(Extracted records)

________________

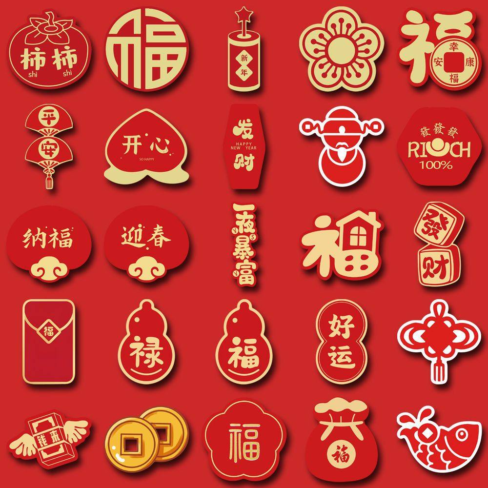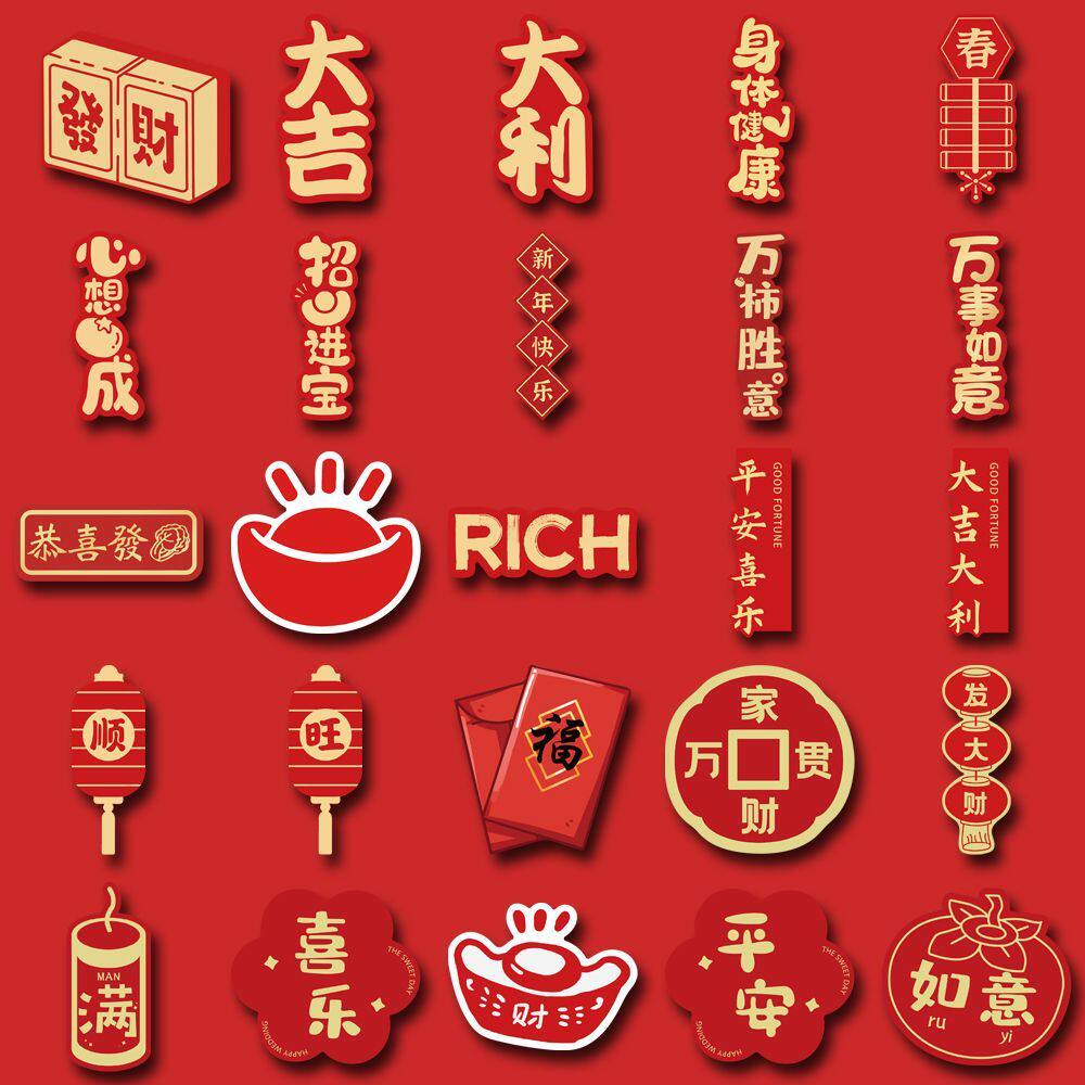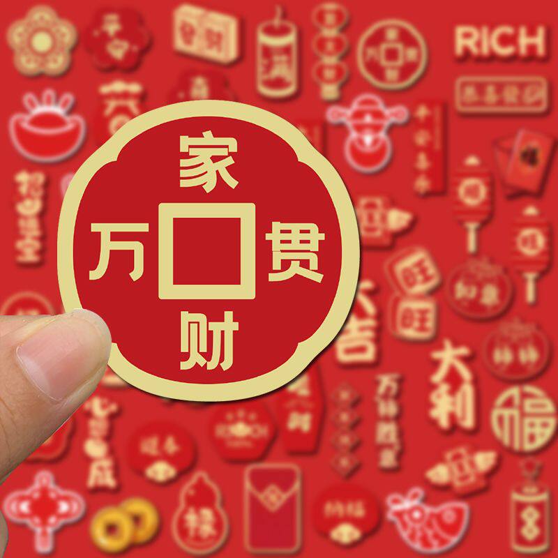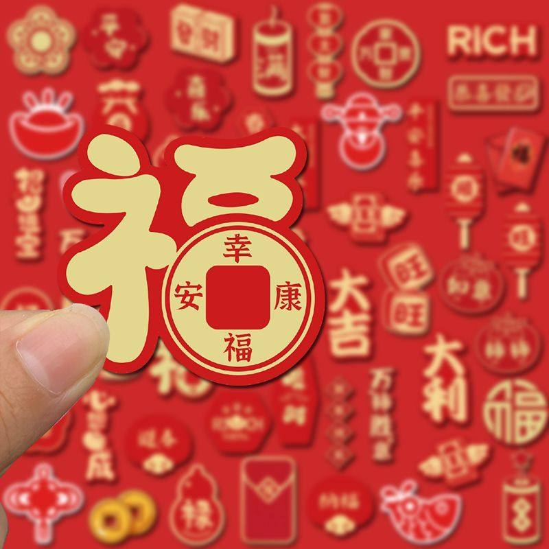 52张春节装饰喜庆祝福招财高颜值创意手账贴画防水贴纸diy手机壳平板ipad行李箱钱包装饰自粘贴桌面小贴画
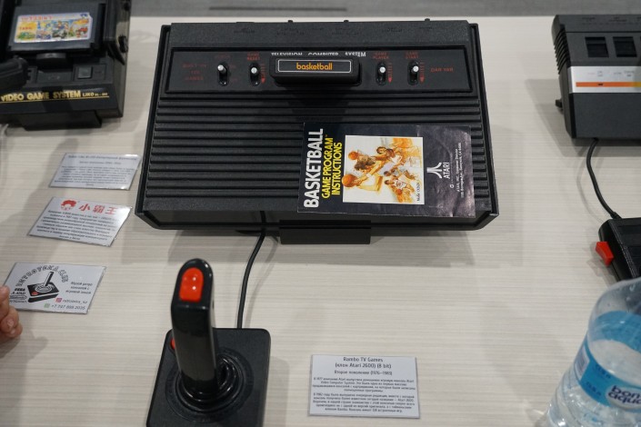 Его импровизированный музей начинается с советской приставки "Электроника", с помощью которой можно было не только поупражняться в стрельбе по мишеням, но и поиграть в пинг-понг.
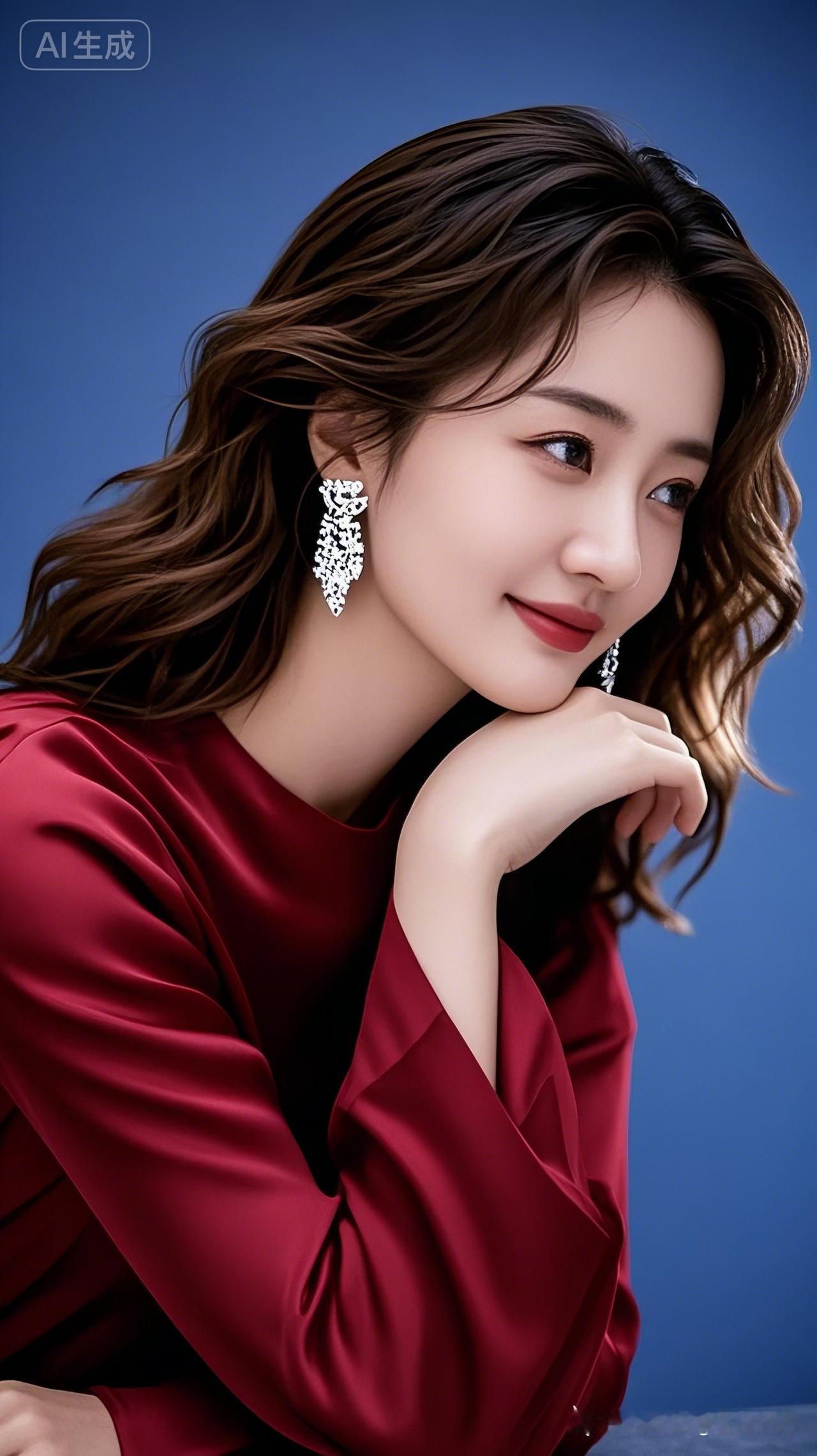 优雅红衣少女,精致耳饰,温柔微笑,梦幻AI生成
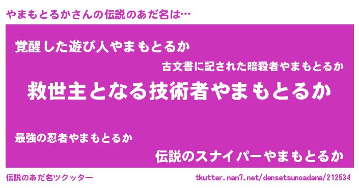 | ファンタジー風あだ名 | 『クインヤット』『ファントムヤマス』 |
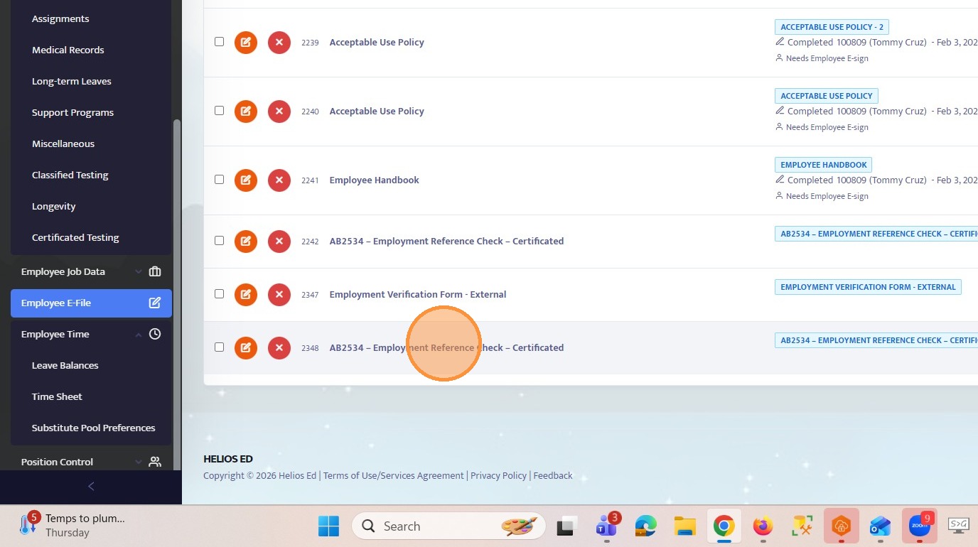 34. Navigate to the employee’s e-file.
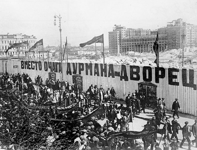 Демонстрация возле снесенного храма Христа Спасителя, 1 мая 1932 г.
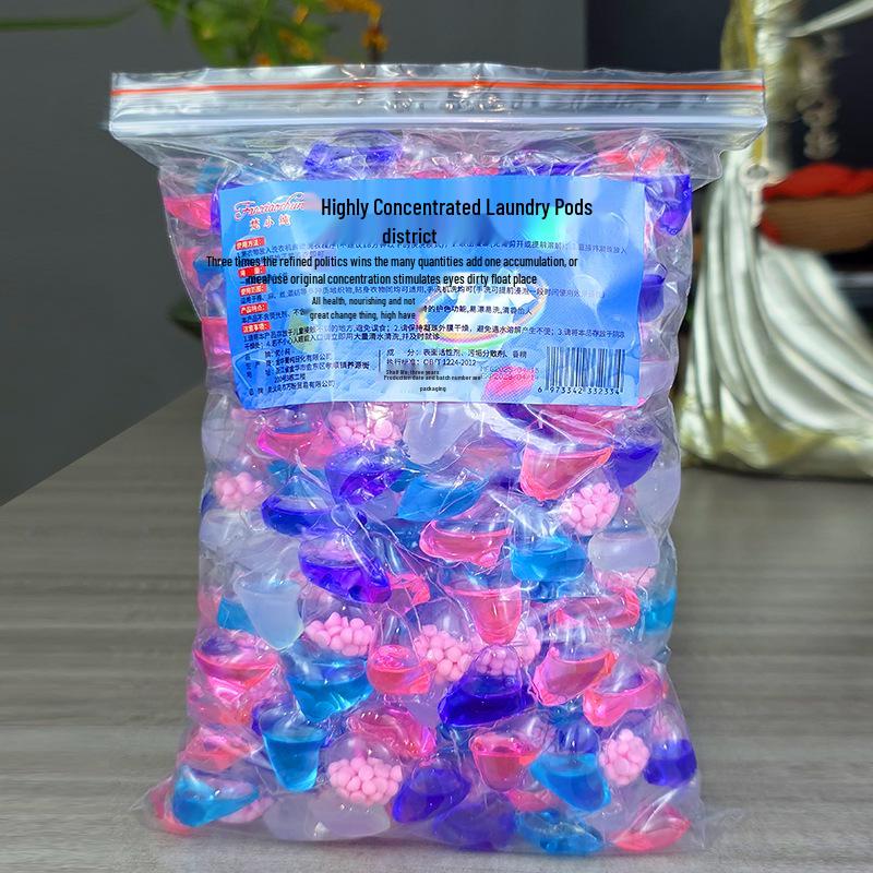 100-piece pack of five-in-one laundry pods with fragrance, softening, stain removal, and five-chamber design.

________________

◆ **Exercise details**: Reproduce each entry word for word and cut the images.

◆ **Exercise output**:
 52张春节装饰喜庆祝福招财高颜值创意手账贴画防水贴纸diy手机壳平板ipad行李箱钱包装饰自粘贴桌面小贴画
 Его импровизированный музей начинается с советской приставки "Электроника", с помощью которой можно было не только поупражняться в стрельбе по мишеням, но и поиграть в пинг-понг.
 优雅红衣少女,精致耳饰,温柔微笑,梦幻AI生成
 | ファンタジー風あだ名 | 『クインヤット』『ファントムヤマス』 |
 34. Navigate to the employee’s e-file.
 Демонстрация возле снесенного храма Христа Спасителя, 1 мая 1932 г.
 100-piece pack of five-in-one laundry pods with fragrance, softening, stain removal, and five-chamber design.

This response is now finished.